Anne-baba, yavrularına ibadette, muâmelâtta, ahlâkta güzel bir örnek olmalı ve küçük yaştan itibaren terbiyelerine ihtimam göstermelidir. Aşağıdaki kıssa bu hâli ne güzel ifâde eder:
PEYGAMBER EFENDİMİZ’İN ÇOCUKLARA TERBİYE VERME YÖNTEMLERİ
Abdullah bin Abbâs -radıyallâhu anh-, henüz bir çocukken önünde gece namazı kılan Peygamber Efendimiz’i gördüğünde hemen onu taklit etmeye başlamıştır. Kendisi bu güzel hâtırasını şöyle nakleder:
“Allah Rasûlü -sallâllâhu aleyhi ve sellem-’in hanımlarından teyzem Meymûne’nin evinde gecelemiştim. O gece Peygamberimiz de onun yanındaydı. Allah Rasûlü yatsı namazını kıldırdı. Sonra evine gelerek dört rekât daha kıldı. Bir müddet uyuduktan sonra kalktı ve beni kastederek «Yavrucak uyumuş» buyurdu. Sonra kalktı. Ben de (kalktım, namaz kılmak için) solunda durdum.

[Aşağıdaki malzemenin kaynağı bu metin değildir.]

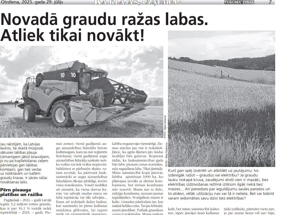 Jau rakstījām, ka Latvijas laukos, tai skaitā mūspusē, sākusies labības pļauja. Uzmanīgiem jābūt braucējiem, jo nu pa koplietošanas ceļiem pārvietojas gan labības kombaini, gan tiek vestas uz noliktavām un kaltēm graudu kravas. Ir sācies ražas novākšanas laiks.

Âlemlerin Efendisi beni sağ tarafına aldı. Beş rekât namaz kıldı. Sonra iki rekât daha kıldı…” (Buhârî, İlim, 41)
Yine İbn-i Abbâs -radıyallâhu anh-, çocuk yaşta iken Rasûlullah -sallâllâhu aleyhi ve sellem- ile birlikte cenâze ve bayram namazlarına katılmış, O’nun ibadet heyecanından feyz almıştır. (Buhârî, Cenâiz 60, Iydeyn 16)
Peygamber Efendimiz çocuklarla birlikte yemek yemiş, onları seyretmiş, onların akıl ve ruh dünyalarını harekete geçirecek canlı bir üslûpla yanlışlarını düzeltmiştir. Bu hususla ilgili bir müşâhedesini Ömer bin Ebî Seleme -radıyallâhu anh- şöyle anlatıyor:
“Ben, Rasûlullah -sallâllâhu aleyhi ve sellem-’in eğitim ve gözetimi altında yetişen bir çocuktum. Yemek yerken elim kabın her tarafında dolaşırdı. Bir gün Allah Rasûlü bana:
«–Yavrucuğum! Besmele çek, sağ elinle ve önünden ye!» buyurdu. Artık ondan sonra hep öyle yaptım.” (Buhârî, Et’ime, 2; Müslim, Eşribe, 108)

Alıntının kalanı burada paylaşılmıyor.